Our observations are consistent with an abstract coding of number knowledge in the intraparietal sulcus portion of IPC that contributes to numerical quantifier meaning, regardless of the form of input (Piazza et al., 2007). We suggest that this abstract sense of numerosity plays a fundamental role in the comprehension of numerical quantifiers such as “at least three” (Clark & Grossman, 2007). This parallels the way in which perceptual feature representations contribute to object knowledge and the meaning of words like “cup” in sensory-motor theories of semantic memory (Martin, 2007). From this perspective, the meaning of a word that depends in part on a numerical property appears to depend in part on brain regions near where abstract number knowledge is processed. The distinct nature of this quantity-based set of quantifiers is emphasized by its difference from the class of logical quantifiers that depend in part on an attention-mediated feature processing mechanism supported by regions important for simple logical computations.

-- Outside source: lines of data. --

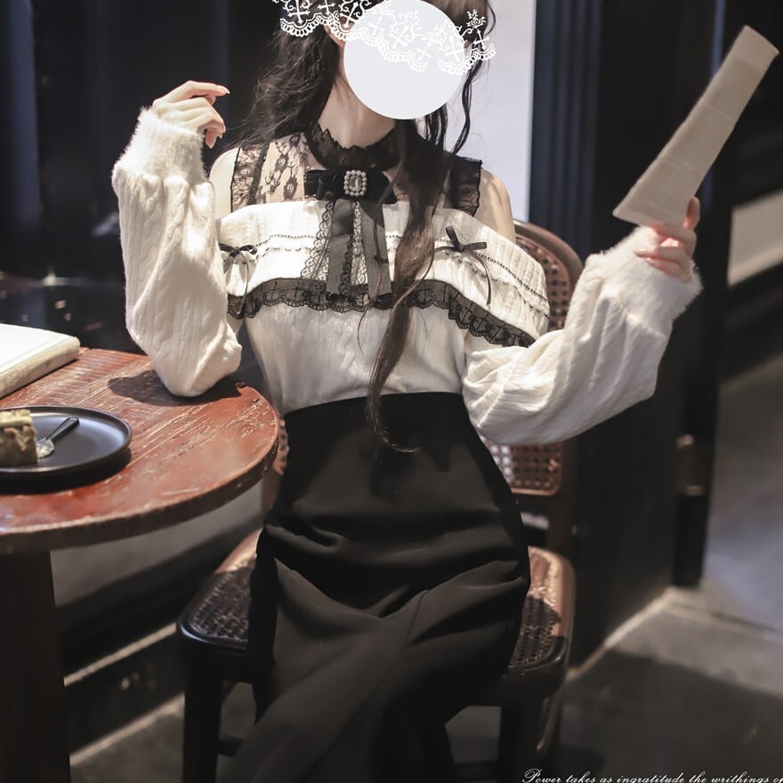 量産型ロリィタ クラロリ オフショル ニット レース ブラウス エレガント 胡桃木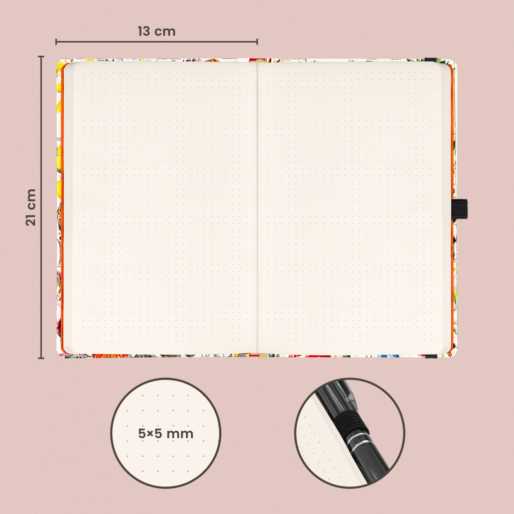 Notes v pevných deskách z kolekce Kateřiny Winterové s ilustracemi květin, s uzavíráním na gumičku, kapsou na drobnosti a poutkem na tužku. Vevnitř najdete 172 tečkovaných stran na žlutém papíře pro zapsání všech vašich nápadů.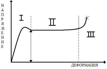Чем меньше Мс (больше густота сшивания), тем сильнее растет Тс . Приведенная формула больше применима к каучукам, а для пластмасс числовые коэффициенты другие. Влияние пластификации. Пластификаторы понижают Тс и тем самым расширяют интервал, в котором полимер сохраняет гибкость и деформируемость. Пластификаторы — это жидкости, обладающие малой летучестью, высокой температурой кипения и низкой температурой замерзания. В них свободный объем больше, чем свободный объем полимера, поэтому введение пластификатора увеличивает свободный объем в системе и приводит к снижению Тс . Увеличение свободного объема приводит также к снижению межмолекулярного взаимодействия. Снижение межмолекулярного взаимодействия особенно выражено, если в полимере есть сильные межмолекулярные связи, например водородные. Если пластификатор подобран правильно, он экранирует полярные группы, препятствуя образованию связей полимер—полимер. Это также снижает Тс . Чем больше добавлено пластификатора, тем сильнее снижается Тс . Неполярный пластификатор понижает Тс неполярного полимера (∆Тс ) пропорционально объемной доле пластификатора (φ) в полимере (эффект разбавления): ∆Тс =k' φ Полярный пластификатор понижает Тс полярного полимера пропорционально мольной доле пластификатора (N) в полимере (экранирование полярных групп): ∆Тс = k''N МЕХАНИЧЕСКИЕ СВОЙСТВА ПОЛИМЕРНЫХ СТЕКОЛ Поскольку в стеклообразном состоянии сегменты лишены возможности совершать тепловые перемещения в соседние положены из-за отсутствия достаточного свободного объема, можно сделать вывод, что стеклообразный полимер не способен к большим деформациям. В действительности же стеклообразный полимер способен деформироваться без разрушения на сотни процентов, хотя и не способен самопроизвольно сокращаться после снятия нагрузки. На рис. 3 приведена кривая напряжение—деформация стеклообразного полимера. Весь процесс растяжения условно делится на три стадии. На первой стадии полимер растягивается упруго. Деформация достигается за счет увеличения межмолекулярных расстояний или малого смешения (без разрушения) узлов флуктуационной сетки. Происходит увеличение свободного объема при неизменной температуре за счет действия механических напряжений.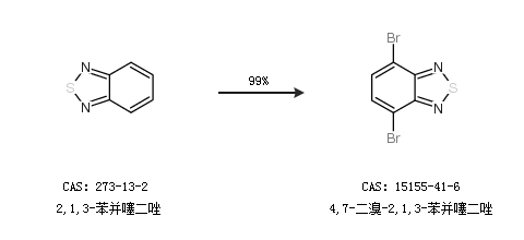 1.通过2,1,3-苯并噻二唑合成4,7-二溴-2,1,3-苯并噻二唑,收率约99%;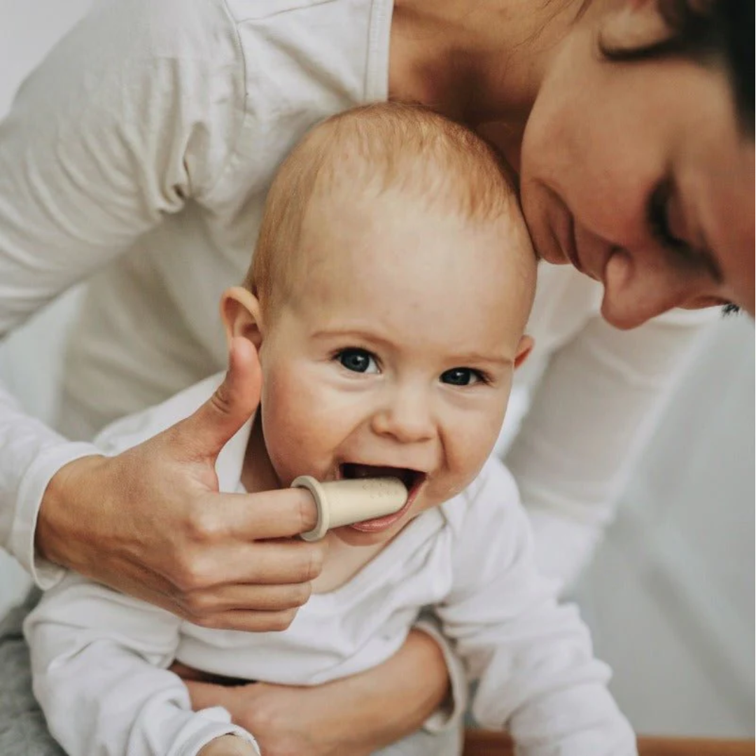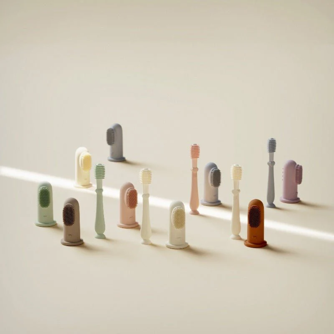 Moonkie Tannburstasett – fingurbursti og tunguhreinsir úr sílikoni hjálpar foreldrum að leggja góðar grunnvenjur í munnhirðu barnsins frá fyrstu mánuðum.

This may also clarify the basis for the successful use of a subset of quantifier concepts in children and subhuman primates. It has been observed that the child’s acquisition of precise number words is neither necessary nor sufficient to support the comprehension of logical quantifiers like “some” that do not depend on number concepts (Halberda, Taing, & Lidz, 2008). The acquisition of logical quantifiers in children and correct judgments of logical quantifiers in animals thus may be independent of number knowledge and counting ability since logical quantifiers like “some” do not appear to require number knowledge. This is consistent with several developmental studies indicating a grasp of certain quantifier words without full counting ability (Hurewitz, Papafragou, Gleitman, & Gelman, 2006; Papafragou & Schwarz, 2005).

Conclusions

We propose a model of quantifier comprehension that involves two dissociable neural networks. One network involves brain regions important in the representation of abstract number knowledge in the intraparietal sulcus portion of IPC. Together with dlPFC, this network appears to be capable of supporting the comprehension of numerical quantifiers. This is distinct from a second, fundamentally distinct network that involves a form of simple, attention-mediated, perceptual logic that can detect and interpret the occurrence or absence of single properties of sets. This network is capable of verifying logical quantifiers and is supported in part by rmPFC, with input from PCC.

Acknowledgments

This work was supported in part by grants from NIH (NS44266, NS53488, AG15116, AG17586, and NS54575).

Footnotes

Portions of this work were presented at the Academy of Aphasia Annual Meeting, Washington, D.C., 2007 and the Society for Neuroscience Annual Meeting, San Diego, 2007.